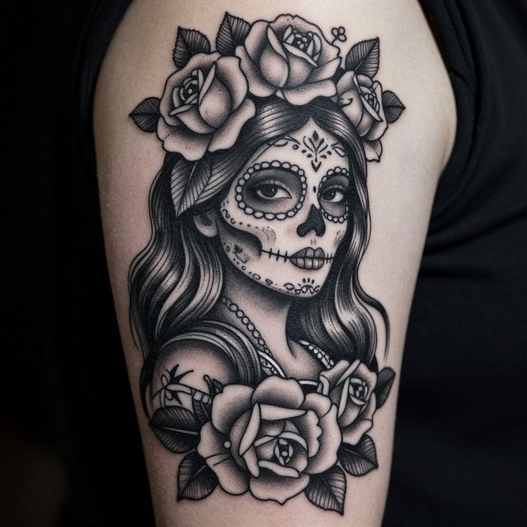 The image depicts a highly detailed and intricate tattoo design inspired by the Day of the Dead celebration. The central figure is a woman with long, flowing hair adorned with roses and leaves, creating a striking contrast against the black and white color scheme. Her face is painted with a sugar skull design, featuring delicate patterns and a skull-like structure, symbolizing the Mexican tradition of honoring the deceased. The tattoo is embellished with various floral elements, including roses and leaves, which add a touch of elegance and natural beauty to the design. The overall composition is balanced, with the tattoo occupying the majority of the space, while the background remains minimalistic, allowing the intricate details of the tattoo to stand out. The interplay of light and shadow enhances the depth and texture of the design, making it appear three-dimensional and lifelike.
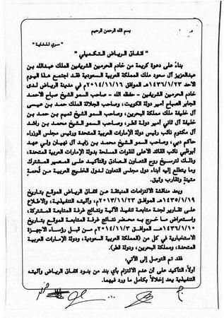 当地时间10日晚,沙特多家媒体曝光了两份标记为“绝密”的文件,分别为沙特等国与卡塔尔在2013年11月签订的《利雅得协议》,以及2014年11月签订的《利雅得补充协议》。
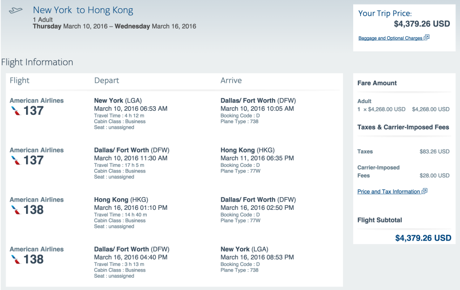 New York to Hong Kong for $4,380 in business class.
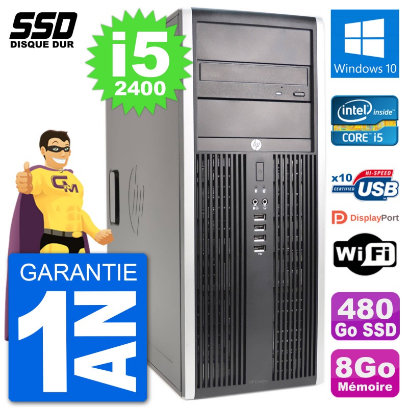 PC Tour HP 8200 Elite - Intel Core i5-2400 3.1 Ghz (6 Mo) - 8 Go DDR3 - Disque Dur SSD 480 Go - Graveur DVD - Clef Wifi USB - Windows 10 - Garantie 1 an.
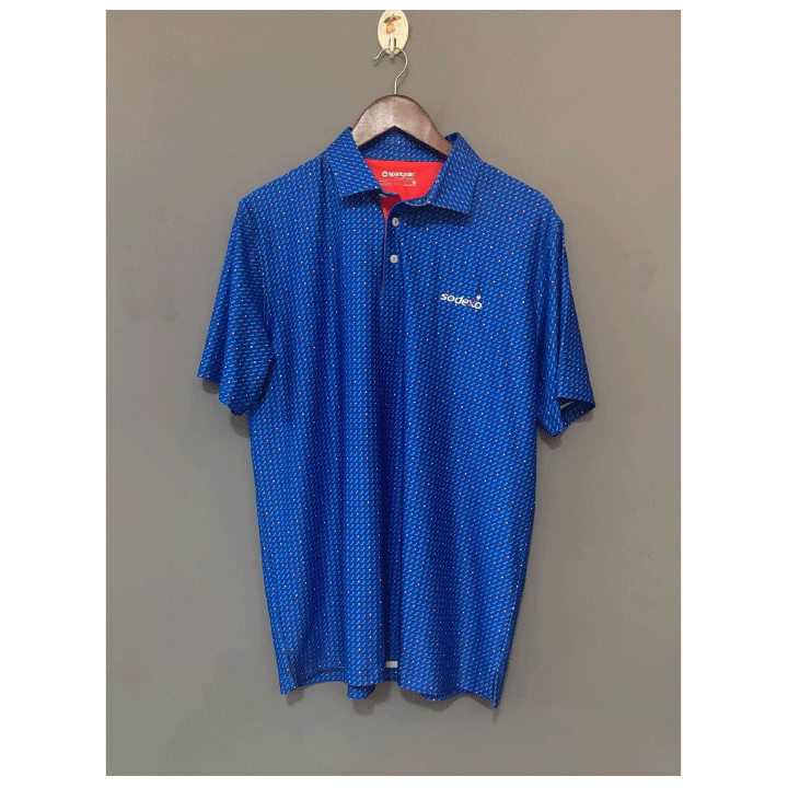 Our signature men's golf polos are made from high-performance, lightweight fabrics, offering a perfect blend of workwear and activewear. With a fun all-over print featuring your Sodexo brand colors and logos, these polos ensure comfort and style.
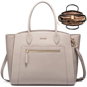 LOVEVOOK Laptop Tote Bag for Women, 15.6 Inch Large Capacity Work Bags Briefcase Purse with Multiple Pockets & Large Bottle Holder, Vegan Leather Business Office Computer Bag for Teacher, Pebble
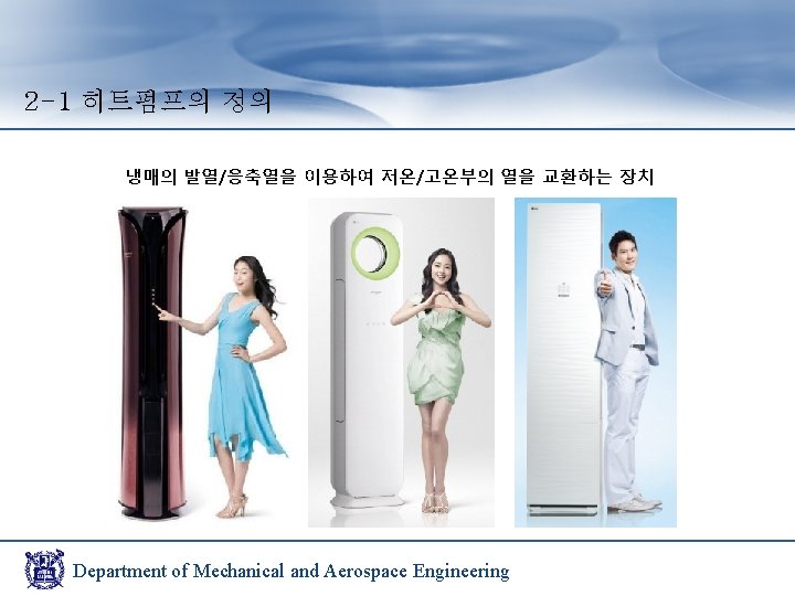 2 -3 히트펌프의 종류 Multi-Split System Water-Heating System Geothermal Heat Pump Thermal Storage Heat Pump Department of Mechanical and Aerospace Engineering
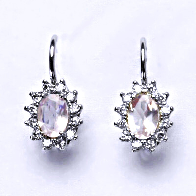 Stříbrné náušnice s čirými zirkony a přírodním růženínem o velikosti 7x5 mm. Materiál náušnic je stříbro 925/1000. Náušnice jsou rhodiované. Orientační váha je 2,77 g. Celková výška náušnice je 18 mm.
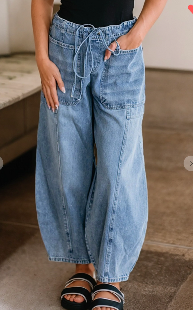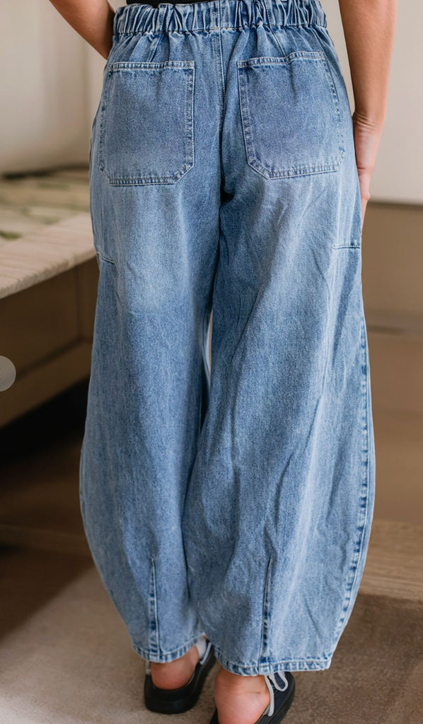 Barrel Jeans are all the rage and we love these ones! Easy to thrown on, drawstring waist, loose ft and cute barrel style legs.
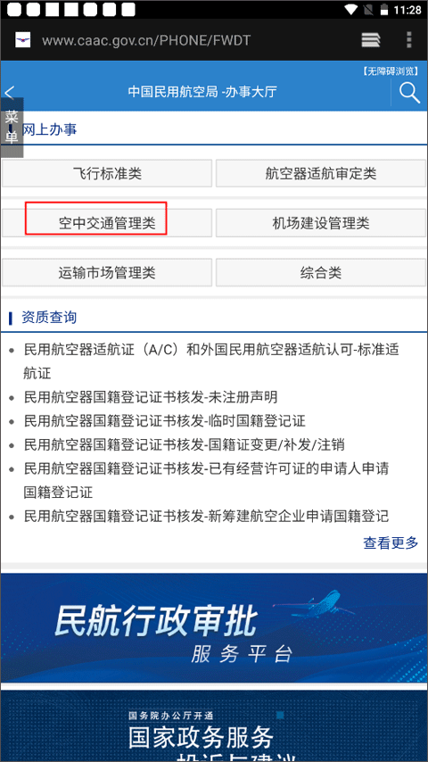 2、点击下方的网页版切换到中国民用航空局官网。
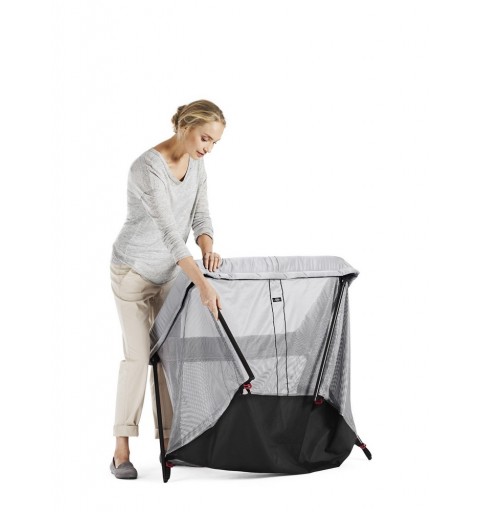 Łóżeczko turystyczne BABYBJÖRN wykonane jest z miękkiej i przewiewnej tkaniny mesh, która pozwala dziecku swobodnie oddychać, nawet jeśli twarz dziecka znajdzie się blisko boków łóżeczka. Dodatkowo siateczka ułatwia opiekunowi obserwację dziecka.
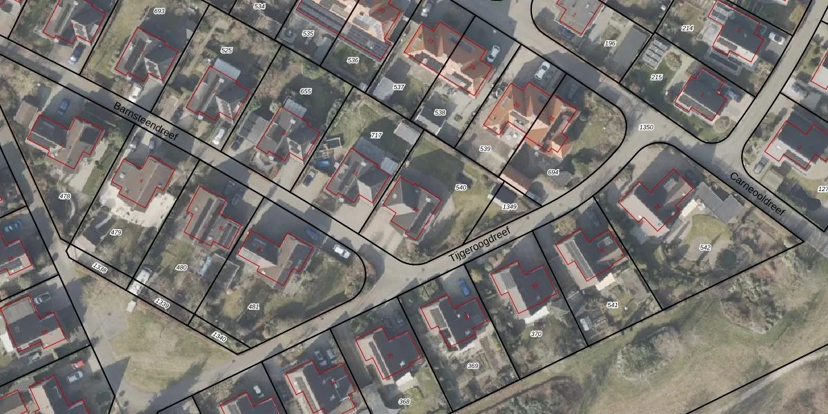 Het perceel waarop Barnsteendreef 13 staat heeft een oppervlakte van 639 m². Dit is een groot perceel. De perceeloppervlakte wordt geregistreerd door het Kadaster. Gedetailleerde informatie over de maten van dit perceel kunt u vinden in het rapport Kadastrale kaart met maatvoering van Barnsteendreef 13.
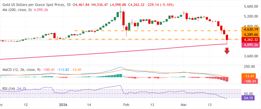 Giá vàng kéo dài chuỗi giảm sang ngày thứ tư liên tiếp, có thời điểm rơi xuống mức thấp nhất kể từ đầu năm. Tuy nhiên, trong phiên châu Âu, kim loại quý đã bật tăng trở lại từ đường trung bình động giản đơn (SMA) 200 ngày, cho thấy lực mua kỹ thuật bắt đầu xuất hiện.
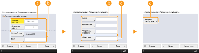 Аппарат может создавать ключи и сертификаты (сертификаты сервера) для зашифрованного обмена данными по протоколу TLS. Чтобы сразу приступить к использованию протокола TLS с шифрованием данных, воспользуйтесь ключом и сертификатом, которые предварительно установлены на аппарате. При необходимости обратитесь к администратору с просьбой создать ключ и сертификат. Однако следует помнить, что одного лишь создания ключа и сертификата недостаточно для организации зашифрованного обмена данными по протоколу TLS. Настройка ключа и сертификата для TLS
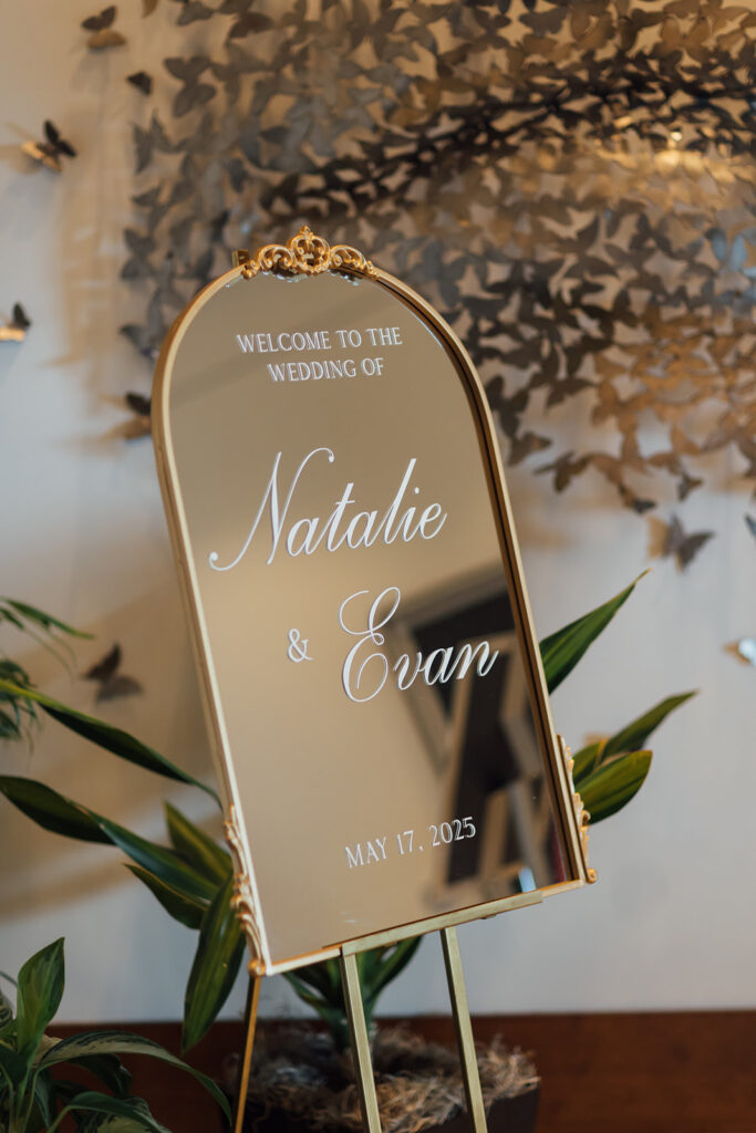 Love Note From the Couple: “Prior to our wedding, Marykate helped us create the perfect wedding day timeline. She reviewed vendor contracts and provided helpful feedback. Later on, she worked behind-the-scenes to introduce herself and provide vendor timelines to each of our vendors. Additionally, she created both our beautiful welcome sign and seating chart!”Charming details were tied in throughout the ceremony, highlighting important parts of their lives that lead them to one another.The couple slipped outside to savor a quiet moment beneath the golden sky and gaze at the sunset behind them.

**WHAT TO PRODUCE**
Although the records above contain pictures, the copy must not; set down exactly the lines from the one with "LOVEVOOK Laptop Tote" up to and including the one with "2、点击下方的网页版切换到中国民用航空局官网。".

**OUTPUT BELOW**
 LOVEVOOK Laptop Tote Bag for Women, 15.6 Inch Large Capacity Work Bags Briefcase Purse with Multiple Pockets & Large Bottle Holder, Vegan Leather Business Office Computer Bag for Teacher, Pebble
 2 -3 히트펌프의 종류 Multi-Split System Water-Heating System Geothermal Heat Pump Thermal Storage Heat Pump Department of Mechanical and Aerospace Engineering
 Stříbrné náušnice s čirými zirkony a přírodním růženínem o velikosti 7x5 mm. Materiál náušnic je stříbro 925/1000. Náušnice jsou rhodiované. Orientační váha je 2,77 g. Celková výška náušnice je 18 mm.
 Barrel Jeans are all the rage and we love these ones! Easy to thrown on, drawstring waist, loose ft and cute barrel style legs.
 2、点击下方的网页版切换到中国民用航空局官网。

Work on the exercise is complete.